Jokowi menjelaskan mengendalikan inflasi adalah pekerjaan lapangan. Menurutnya ada dua hal penting dalam mengendalikan inflasi, yakni manajemen pasokan dan manajemen arus distribusi barang.

"Manajemen pasokan itu selalu ada stok. Kemudian manajemen distribusi barang, harus tahu lapangan. Jadi tahu dimana gudang, tengkulaknya, stok berapa, selalu terkontrol dan termonitor," ujar Jokowi, Kamis (17/5/2012) malam saat ditemui di kawasan Matraman Jakarta Timur.
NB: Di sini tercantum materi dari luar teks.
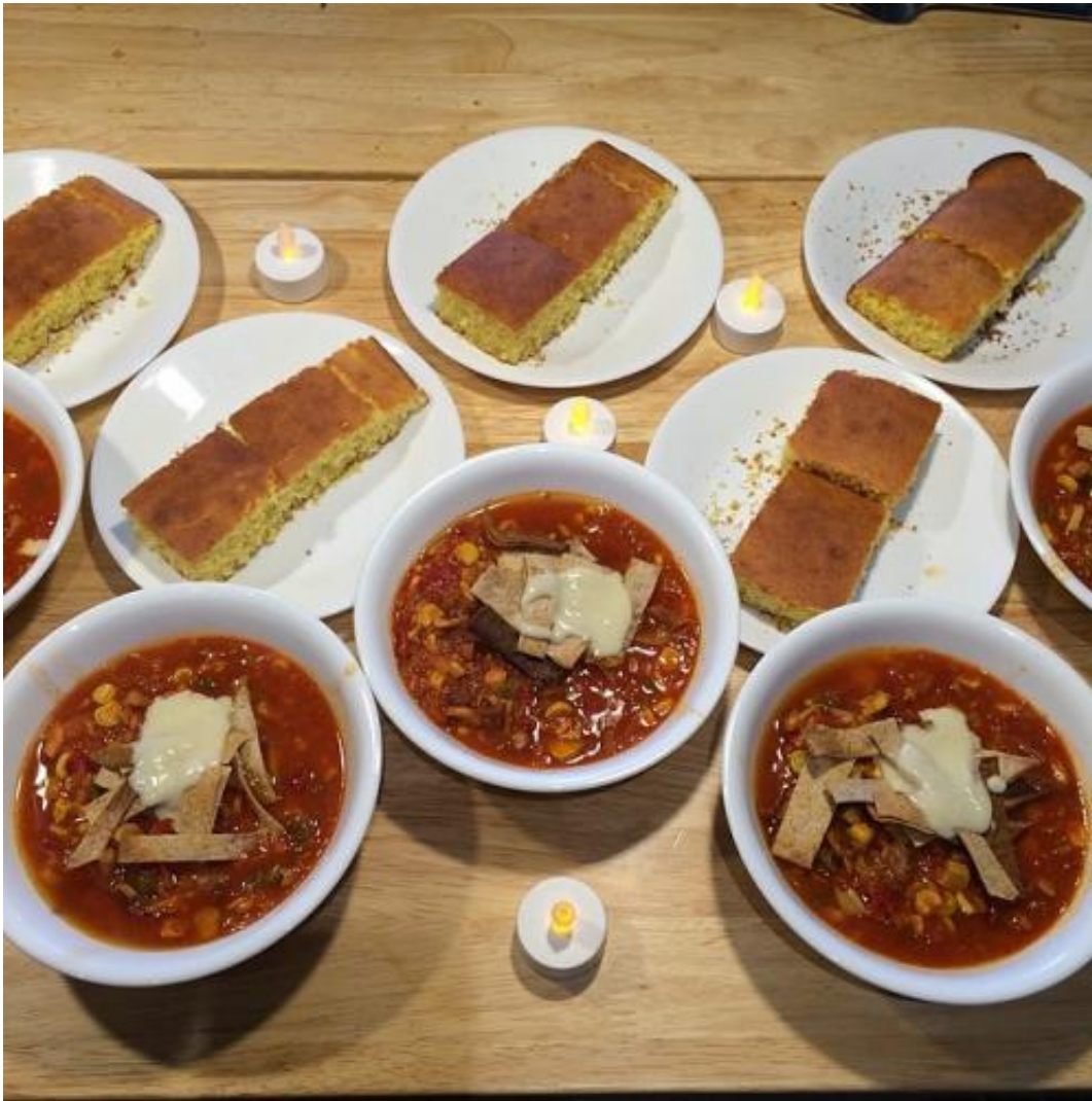
Chicken tortilla soup with freshly baked corn bread. #HISEAS

Jokowi menambahkan, asalkan mengerti dimana titik-titiknya saat di lapangan, maka inflasi dapat dikendalikan. Jokowi pun menegaskan kiatnya mengendalikan inflasi di Solo sangat mungkin diterapkan di Jakarta. "Asal menguasai medan lapangan, sangat mungkin diterapkan (di Jakarta). Kenapa tidak?" tandasnya.


Opini :
Seperti yang dikatakan bapak Jokowi bahwa untuk mengendalikan inflasi , terdapat dua hal penting dalam mengendalikan inflasi, yakni manajemen pasokan dan manajemen arus distribusi barang. Bapak jokowi juga mengatakan asalkan mengerti dimana titik-titiknya saat di lapangan, maka inflasi dapat dikendalikan. Walaupun kota solo dan Jakarta berbeda tetapi saya berharap bapak jokowi bisa juga menekan inflasi Jakarta seperti yang beliau lakukan di kota solo.